Last number from the sample test!
A plane P passes by the coordinates:
A(1,0,-7); B(-2,-1,0); C(0,0,-3)
Using the equation of the line D:
x= 7+12t, y= -1-6t, z= 2-2t,
Find the equation of a line that's entirely part of the plane P and that is perpendicular to the line D at point Q(1,2,3)
Thank you
To find the equation of a line that is perpendicular to the given line and passes through point Q(1,2,3), you need to find the direction vector of the plane P first.
The direction vector of the plane P can be determined by finding two vectors that lie on the plane. One way to do this is by subtracting the coordinates of two points on the plane.
Point A(1,0,-7) and B(-2,-1,0) are on the plane P.
The direction vector AB can be found by subtracting the coordinates of B from A:
AB = (1 - (-2), 0 - (-1), -7 - 0)
= (3, 1, -7)
Similarly, you can find the direction vector AC:
AC = (0 - 1, 0 - 2, -3 - (-7))
= (-1, -2, 4)
Now, you can find the cross product of AB and AC to obtain a vector that is orthogonal (perpendicular) to the plane P.
Let's calculate the cross product:
N = AB x AC
N = (3, 1, -7) x (-1, -2, 4)
N = (1*(-2) - (-2)*1, (-7)*(-1) - 4*3, 3*(-2) - 1*(-7))
N = (-2 + 2, 7 + 12, -6 + 7)
N = (0, 19, 1)
The vector N (0, 19, 1) is the normal vector of the plane P. Any line that lies entirely in the plane P needs to have a direction vector perpendicular to N.
Now, let's find the equation of the line that is perpendicular to the line D at point Q(1,2,3).

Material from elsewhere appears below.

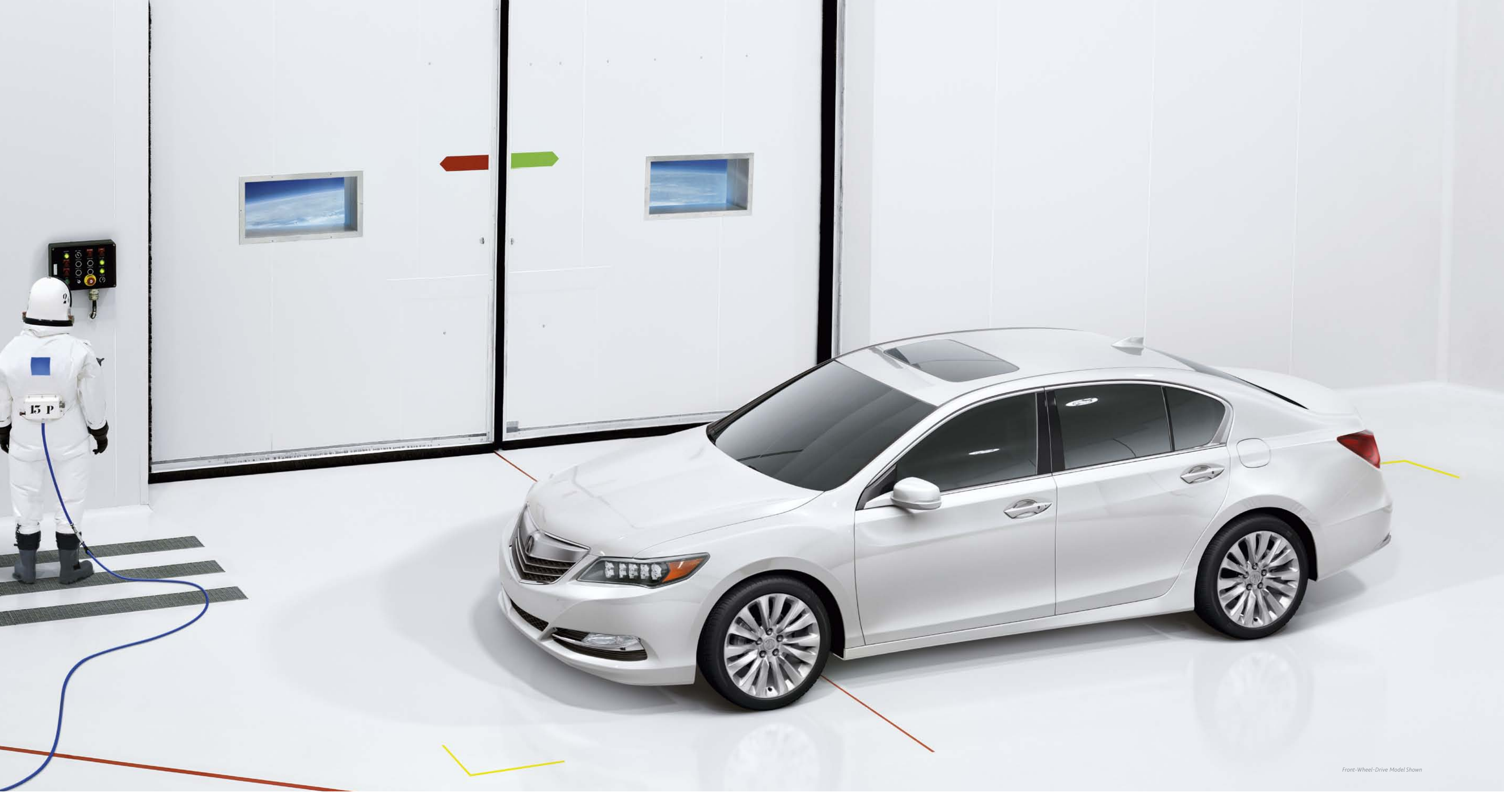
Arriving late 2013, the Acura RLX Sport Hybrid will reinvent the gasoline/electric hybrid concept, creating sports-car performance with an environmental pedigree. Energy-regeneration technology headed for the Acura NSX Supercar helps deliver large-displacement performance of 370 hp — with 4-cylinder fuel economy in the range of 30 mpg rating on the highway. At each rear wheel, individual electric motors provide independent torque control to accomplish the incredibly tight cornering possible through the Acura Sport Hybrid Super Handling All-Wheel Drive system.

We can use the point-normal form of a line equation, which is:
(x - x0) / a = (y - y0) / b = (z - z0) / c
where (a, b, c) is the vector perpendicular to the line, and (x0, y0, z0) is a point on the line.
We have the direction vector of the line D, which is (12, -6, -2). Since the line we want is perpendicular to D, the direction vector of the new line would be perpendicular to (12, -6, -2).
The dot product of the direction vector of the new line and (12, -6, -2) should be zero.
Let the direction vector of the new line be (m, n, p).
(m, n, p) · (12, -6, -2) = 0
12m - 6n - 2p = 0
There are infinitely many solutions to this equation. So we can choose any two values of (m, n, p) that satisfy the equation.
For simplicity, we can start by setting m = 1.
12(1) - 6n - 2p = 0
12 - 6n - 2p = 0
-6n - 2p = -12
3n + p = 6
Now, choose an arbitrary value for n (let's say n = 2) and solve for p:
3(2) + p = 6
6 + p = 6
p = 0
So we have m = 1, n = 2, and p = 0.
Now, we can use the point Q(1,2,3) and the direction vector (1, 2, 0) to write the equation of the line:
(x - 1) / 1 = (y - 2) / 2 = (z - 3) / 0
Note that (z - 3) / 0 does not provide any information about z, which means z can be any value (it is a free variable). We can represent it as a parameter t.
So the equation of the line that lies in the plane P and is perpendicular to line D at point Q(1,2,3) is:
x - 1 = 1t
y - 2 = 2t
z = t
Simplifying the equations, we can write:
x = 1 + t
y = 2 + 2t
z = t
This is the equation of the line you are looking for.